WHAT IS REQUIRED — In the records below, find the line with "Blush & Burgundy" and repeat exactly every line from it through the line with "- Stuha jutová". Pictures stay out.

***** PROVIDED INFORMATION

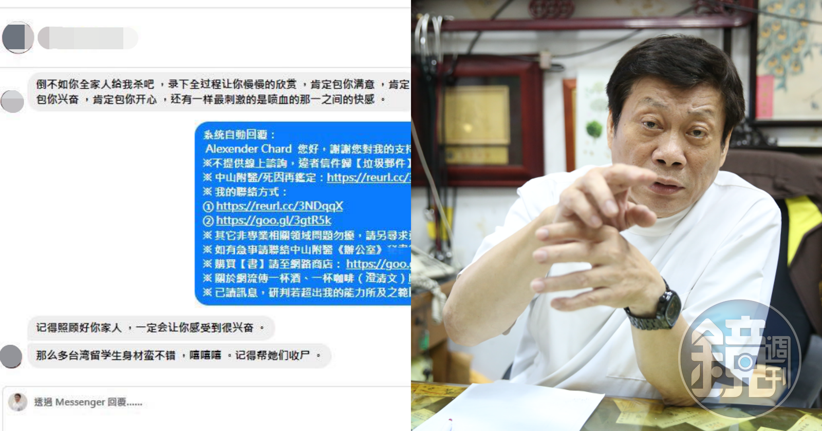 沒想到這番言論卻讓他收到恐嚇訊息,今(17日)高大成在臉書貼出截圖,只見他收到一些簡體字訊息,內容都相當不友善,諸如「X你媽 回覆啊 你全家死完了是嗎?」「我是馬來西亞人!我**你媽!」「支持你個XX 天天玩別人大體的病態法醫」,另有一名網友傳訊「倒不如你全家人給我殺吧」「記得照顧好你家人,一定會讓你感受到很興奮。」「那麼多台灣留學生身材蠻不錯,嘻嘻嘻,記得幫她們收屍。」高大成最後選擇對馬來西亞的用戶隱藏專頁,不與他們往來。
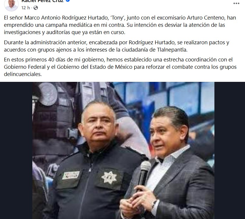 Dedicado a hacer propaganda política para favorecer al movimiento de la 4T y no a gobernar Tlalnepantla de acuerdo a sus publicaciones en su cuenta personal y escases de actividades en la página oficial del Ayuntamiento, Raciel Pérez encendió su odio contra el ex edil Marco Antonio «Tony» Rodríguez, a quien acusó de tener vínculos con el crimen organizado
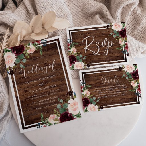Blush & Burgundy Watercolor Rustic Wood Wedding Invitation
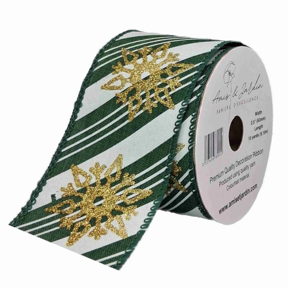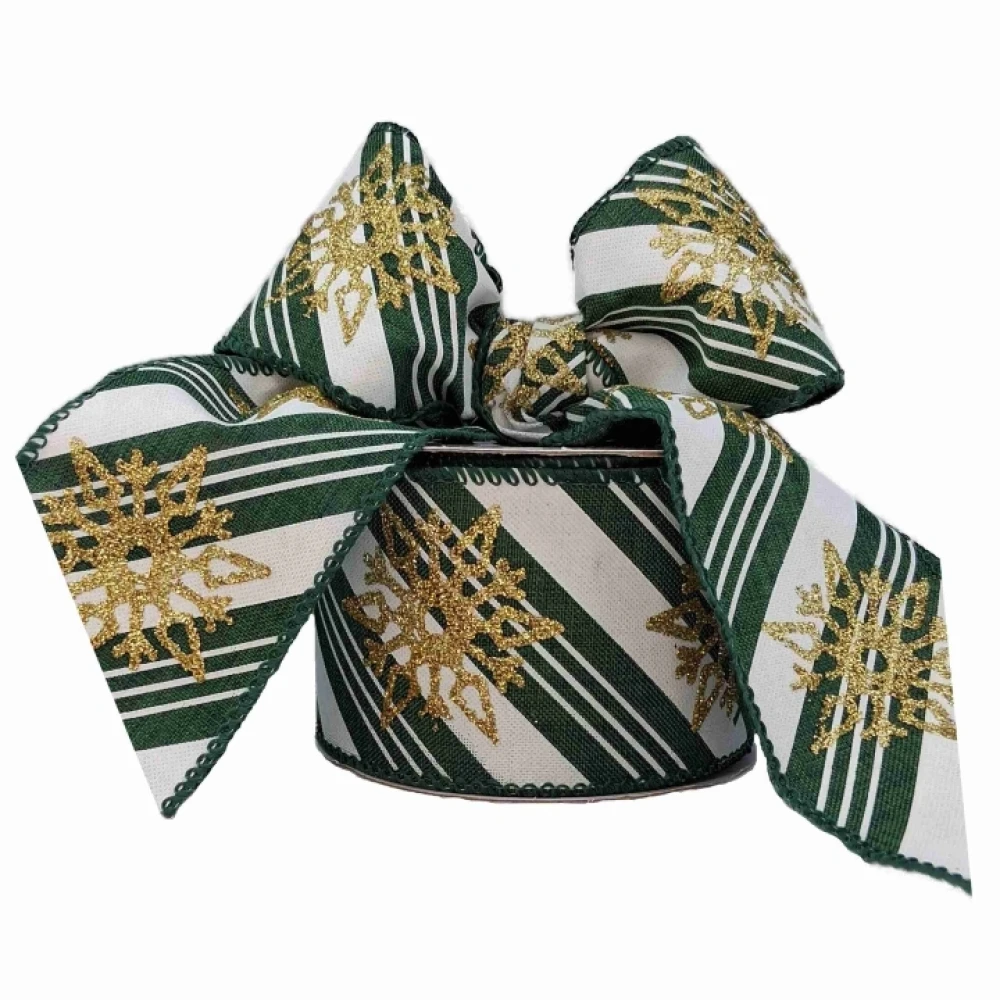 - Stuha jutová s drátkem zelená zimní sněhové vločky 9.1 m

**********
***** PROVIDED INFORMATION

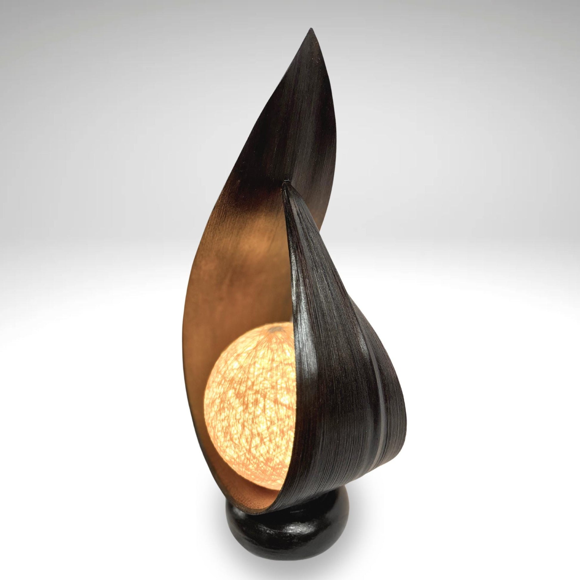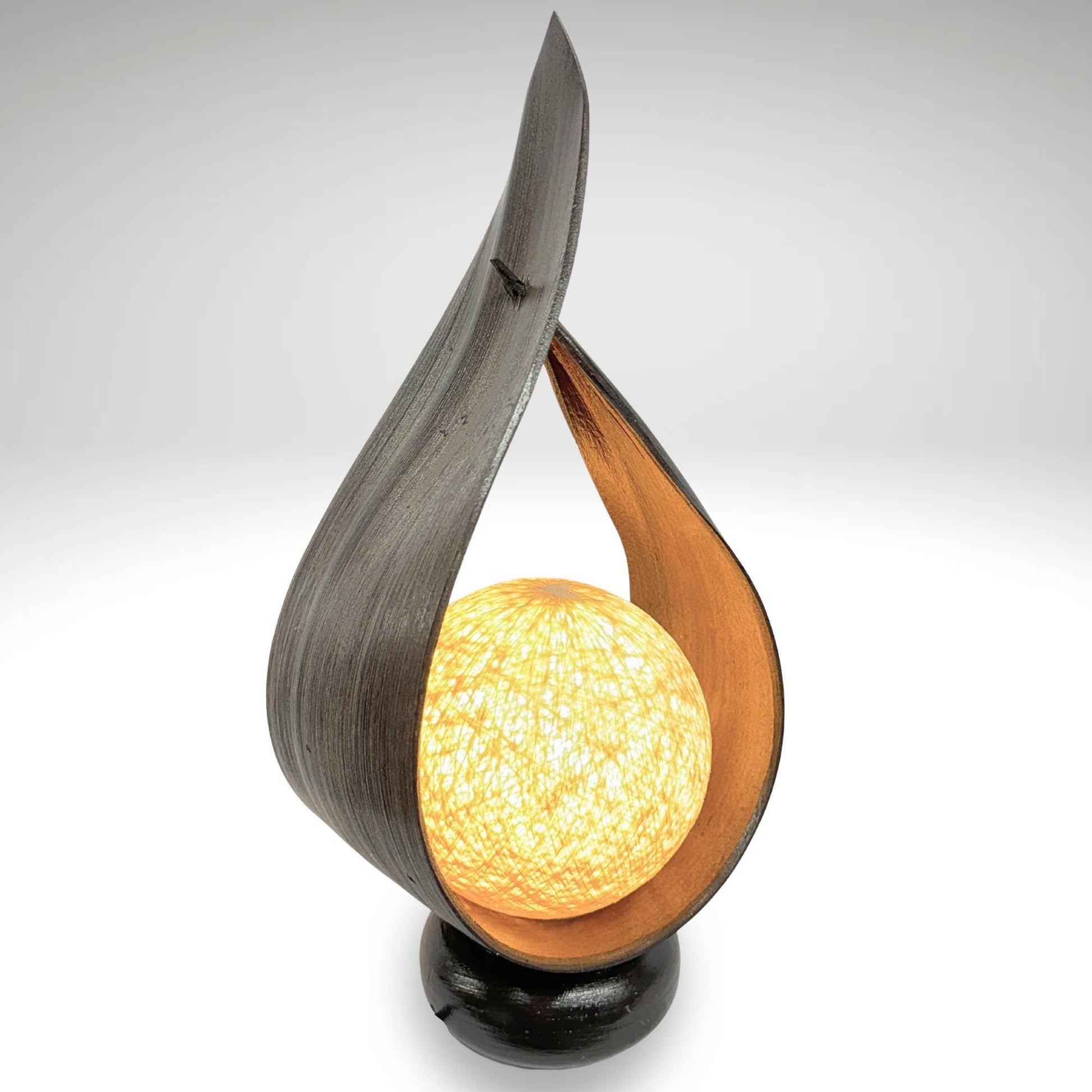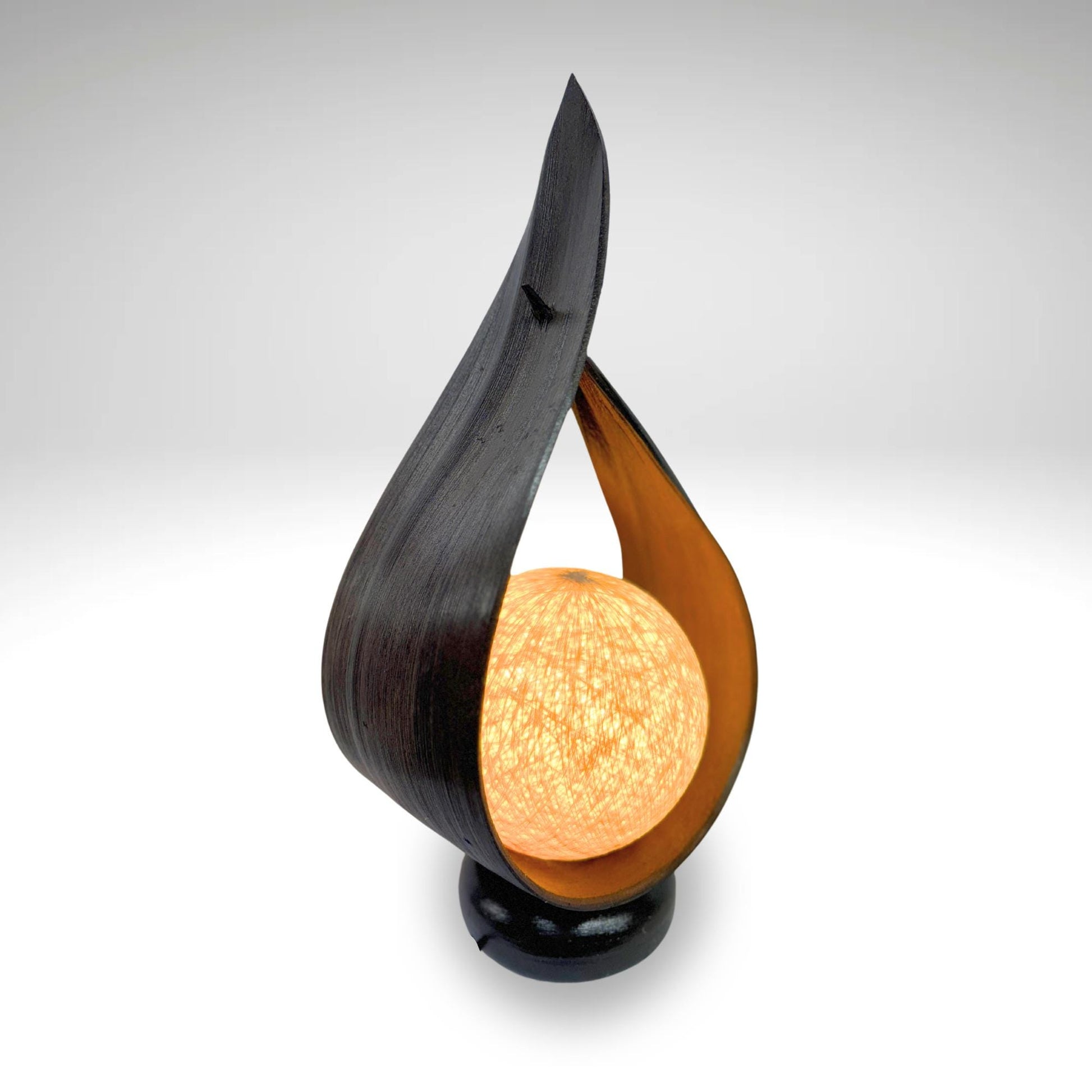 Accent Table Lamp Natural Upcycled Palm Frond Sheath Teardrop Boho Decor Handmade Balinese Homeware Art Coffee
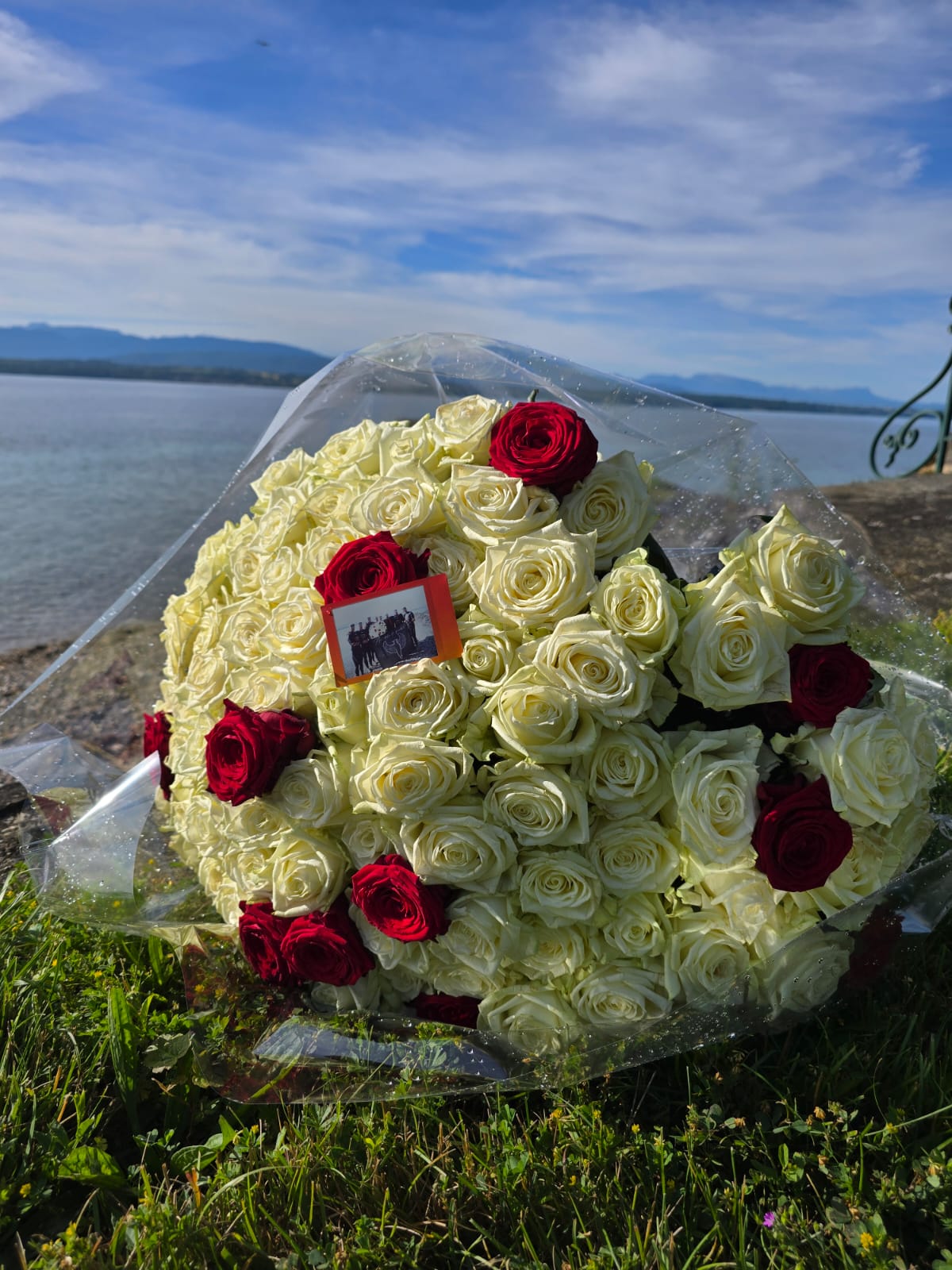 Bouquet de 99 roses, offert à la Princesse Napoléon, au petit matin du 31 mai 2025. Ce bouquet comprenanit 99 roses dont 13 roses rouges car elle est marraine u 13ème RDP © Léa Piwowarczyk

**********

THE COMPLETED TASK —
Blush & Burgundy Watercolor Rustic Wood Wedding Invitation
 - Stuha jutová s drátkem zelená zimní sněhové vločky 9.1 m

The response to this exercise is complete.